Ja to chyba kompletnie nie pasowałam do tego otoczenia. Nie wiem czym się tak przejmowali. Skoro nie było już tego kogoś to po co się tak bardzo martwić. W dodatku trzymało go coś w tym mieście, tylko pytanie co? Chłopcy weszli w pogawędkę, a mnie zaczęło zastanawiać co trzyma tego skrytobójce w tej nudnej wiosce. Livei zadał dość dziwne pytanie na które odpowiedziałam. On chyba nie wierzył mi w moje słowa.

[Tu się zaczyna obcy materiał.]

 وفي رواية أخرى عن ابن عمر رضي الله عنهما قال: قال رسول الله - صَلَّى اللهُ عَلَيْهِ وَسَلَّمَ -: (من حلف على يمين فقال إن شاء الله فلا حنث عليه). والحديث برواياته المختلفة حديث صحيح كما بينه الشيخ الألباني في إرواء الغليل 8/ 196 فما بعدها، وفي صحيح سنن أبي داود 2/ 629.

- Jestem tego pewna - odpowiedziałam, wstając na równe nogi z mojego siedziska, które było dość nie wygodne.
- Wy dalej sobie gadajcie, a ja pójdę się rozejrzeć po tej gospodzie - powiedziałam kierując się ku schodom prowadzących na dół. Wyszłam z gospody i skierowałam się w pewno miejsce. Było położone nie daleko od gospody. Chłopcy i tak mnie nie zauważyli więc mogłam śmiało sobie sprawdzić to miejsce. Przeszłam koło kilku drzew z tego co mogłam się zorientować oraz zwierząt do okoła jakby nie było. Zupełnie tak jakby się czegoś bały. Idąc z uśmiechem na twarzy i nadać sobie jakąś piosenkę wymyślona przeze mnie ( mieszanka wszystkich ulubionych piosenek sklejonych w jedną, mówiąc prościej ) natknęłam się na drewnianą chatkę. Zapukałam, ale nikt nie odpowiadał, więc weszłam jak gdyby nigdy nic do środka.

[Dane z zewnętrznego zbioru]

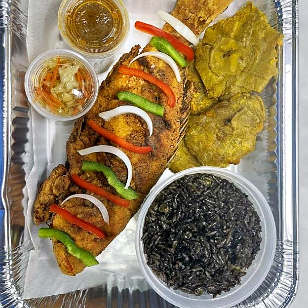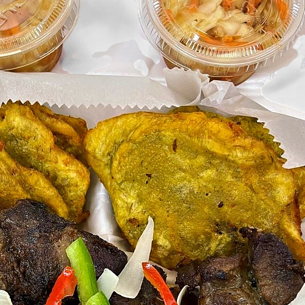 Marinated pork chunks, fried to perfection, typically served with plantains and pikliz (Haitian spicy slaw).

- Przepraszam za najście - powiedziałam wystarczająco głośno po czym przeszłam do zwiedzania chatki.
Kurzu na pewno tutaj nie brakowało, aż mi się kręciło w nosie przez jego nadmiar. Słońce raczej tutaj słabo dochodziło, a zapach panujący w środku nie sprzyjał nosowi. Czułam czyjąś obecność w środku. Nagle ktoś zmierzył w moją stronę z ostrym narzędziem. Oczywiście obroniłam się i odrzuciłam tą osobę od siebie. Jednak może trochę przesadziłam, gdy ta osoba uderzyła wprost w ścianę drewnianej chatki. W dodatku przez to, że belki były trochę spruchniałe człowiek wyleciał aż na zewnątrz. Szybko wyszłam z chatki.

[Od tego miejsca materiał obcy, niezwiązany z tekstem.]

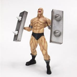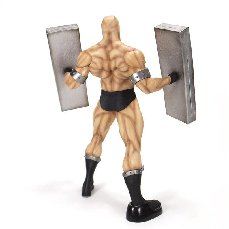 これを持ち上げるために必要な背中の筋肉では、広背筋、脊柱起立筋、肩周りでは僧帽筋、三角筋が発達していると想定し、そのバルクが見事なまでに表現するポーズでは両腕を大きく広げ今にもジャンククラッシュを発動する姿を再現。

- Kim jesteś? - zapytałam się przyjacielsko.
- Osobą, która ma ciebie zabić - powiedział chłopak o ile się nie pomyliłam sądząc po jego głosie.
Zaczął mnie atakować jakimś ostrym narzędziem. Skoro chciał ze mną potańczyć to czemu by nie. Tańczyliśmy ze sobą wspólnie i o dziwo ten chłopak był w tym całkiem dobry. Zaskoczył mnie nawet kilka razy, ale zdążyłam się obronić. Czując jego aurę zorientowałam się iż on również posiada jakieś magiczne zdolności.
- Czas zacząć prawdziwą walkę! - powiedział, a ja lekko przechyliłam głowę na bok z pytającym wyrazem twarzy. - Uważaj na swoją buźkę, żeby się nie pobrudziła - dodał po czym ruszył. Ja wyjęłam swoją talię kart z których uformowałam wachlarz. To właśnie w taki sposób miałam zamiar walczyć. Nasz wspólny taniec się zaczął.
- Takako czy nic ci nie jest? - usłyszałam zgodny głos obu chłopców, którzy wreszcie raczyli się zjawić.
- Widzicie mój przyjaciel przyszedł mnie odwiedzić więc wasze życie nie są tyle warte co moje - uśmiechnęłam się w ich stronę odpychając chłopaka od siebie. Uderzył prosto w drzewo. - Przepraszam, że tak mocno - skierowałam swoje przeprosiny w stronę nieznajomego.
- Wiecie chłopcy, skoro on już ze mną zatańczył dość długiego walca to teraz sobie odpocznie - powiedziałam radośnie, rzucając w jego stronę karty dzięki którym udało mi się unieruchomić tajemnicza postać. - Głodna jestem! - chwyciłam się za brzuch. - Liivei, chłopcy jesteście może głodni? - spojrzałam się w ich stronę, stając przed nimi.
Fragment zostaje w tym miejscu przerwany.